Livinstone Batholomeo @ Urasa vs Republic (Criminal Appeal 334 of 2017) [2021] TZCA 733 (3 December 2021)
Judgment
IN THE COURT OF APPEAL OF TANZANIA AT ARUSHA (CORAM: NDIKA, J.A.. LEVIRA, J.A.. And MWAMPASHI. J.A.^ CRIMINAL APPEAL NO. 334 OF 2017 LIVINGSTONE BATHOLOMEO @ URASSA .................................. APPELLANT VERSUS THE REPUBLIC ..................................................................... RESPONDENT (Appeal from the judgment of the High Court of Tanzania at Moshi) (Mwinawa. J.) dated the 24th day of August, 2017 in Criminal Sessions Case No. 37 of 2016 JUDGMENT OF THE COURT 29th November & 3rd December, 2021 NDIKA, J.A.: The appellant, Livingstone Batholomeo @ Urassa, was on 24th August, 2017 found guilty of trafficking in narcotic drugs contrary to section 16 (1) (b) of the Drugs and Prevention of Illicit Traffic in Drugs Act, Cap. 95 R.E. 2002, which is now repealed, following his trial by the High Court of Tanzania sitting at Moshi (Mwingwa, J.). He was duly convicted and, consequently, sentenced to life imprisonment. He now appeals against the conviction and sentence. i
The prosecution produced a total of eleven witnesses as well as eleven documentary exhibits to prove the accusation that the appellant, on 19th May, 2013 at Usseri Kahe village within Rombo District in Kilimanjaro Region, was found trafficking 499.5 kilogrammes of cannabis sativa, commonly known as bhang, valued at Tanzania Shillings Forty-Nine Million Nine Hundred Fifty Thousand (TZS. 49,950,000.00). In his defence, the appellant gave a sworn testimony, which he supported with two documentary exhibits. For the reason that will become apparent shortly, we find no pressing need to preface this judgment with the summary of the evidence on record. It suffices to state that after a full trial, the High Court (Mwingwa, J.) summed up the case to the three assessors he sat with, who then returned a unanimous verdict of not guilty in favour of the appellant. However, the learned trial Judge disagreed with the assessors as he found it proven on the evidence on record that the appellant was arrested at his homestead on the material day trafficking 499.5 kilogrammes of a substance that the authorized drug analysts from the Government Chemist Laboratory Agency confirmed to be cannabis sativa, a prohibited drug. The learned Judge reasoned in part, as shown at page 92 of the record of appeal, that: 2
"It is my considered [view] that the prosecution proved its case because ... the accused person himself ied the police officers and PW4 to show them where the consignment o f bhang was hidden. The question is how did he know that the said consignment was there... if it [did not] belong to him and kept by him at his compound As hinted earlier, the trial court, having convicted the appellant of the charged offence, sentenced him to life imprisonment as the mandatory punishment. The appeal was originally predicated on three memoranda of appeal lodged by or on behalf of the appellant, raising a total of seventeen grounds of complaint. However, at the hearing of the appeal, Mr. Majura Maige Magafu, learned advocate for the appellant who was also present, sought and obtained leave in terms of Rule 81 (1) of the Tanzania Court of Appeal Rules, 2009 to argue two new grounds, namely:
- That the learned trial Judge erred for not selecting assessors and informing them of their duties.

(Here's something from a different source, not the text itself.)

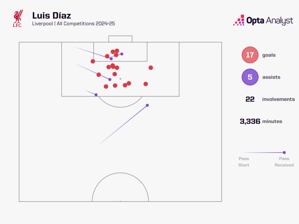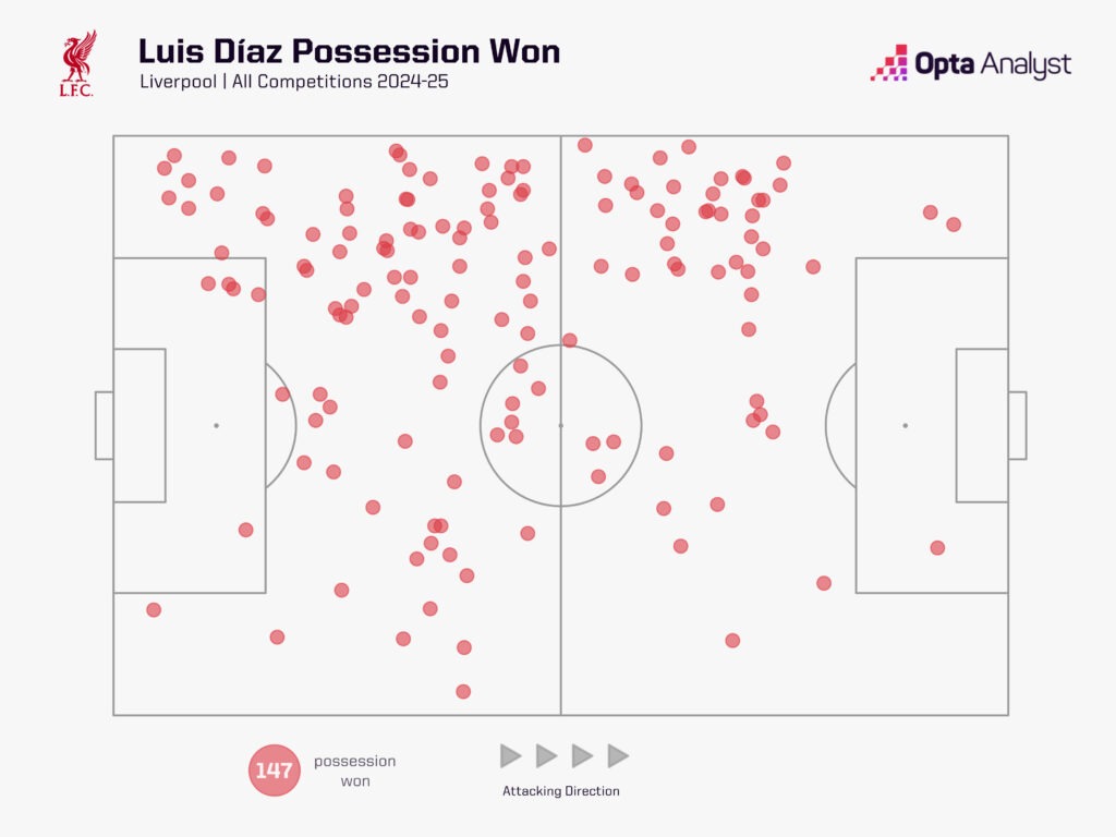 Отдельно стоит отметить оборонительную работу Диаса: в сезоне 2024/25 он отбирал мяч (147 раз) чаще любого другого нападающего «Ливерпуля» во всех турнирах.

- That the learned trial Judge's summing up to the assessors he sat with was improper.
Mr. Magafu addressed us on both new grounds but in the course of his rejoinder, he abandoned the first ground and focused on the second grievance. Accordingly, we will deal with the latter ground only. The essence of Mr. Magafu's contention on the new second ground was that the trial proceedings were a nullity due to the learned trial Judge's failure to properly sum up the case to the assessors. Referring us to pages 181 to 205 of the record of appeal containing the summing up notes, Mr. Magafu censured the learned trial Judge for providing nothing beyond a summary of the facts of the cases for the prosecution and the defence without any direction on several vital points which he considered or should have been considered in his judgment, shown at pages 208 to 234 of the record. He pointed out the said points as follows: first, no guidance was given on the contested legality of the appellant's arrest, the search conducted at his compound and the certificate of seizure. Secondly, nothing was said on the key ingredients of the charged offence. Thirdly, the centrality of the questioned chain of custody of the seized substance was not addressed. Fourthly, no direction was given on how contradictions and inconsistencies in the evidence on record could be resolved.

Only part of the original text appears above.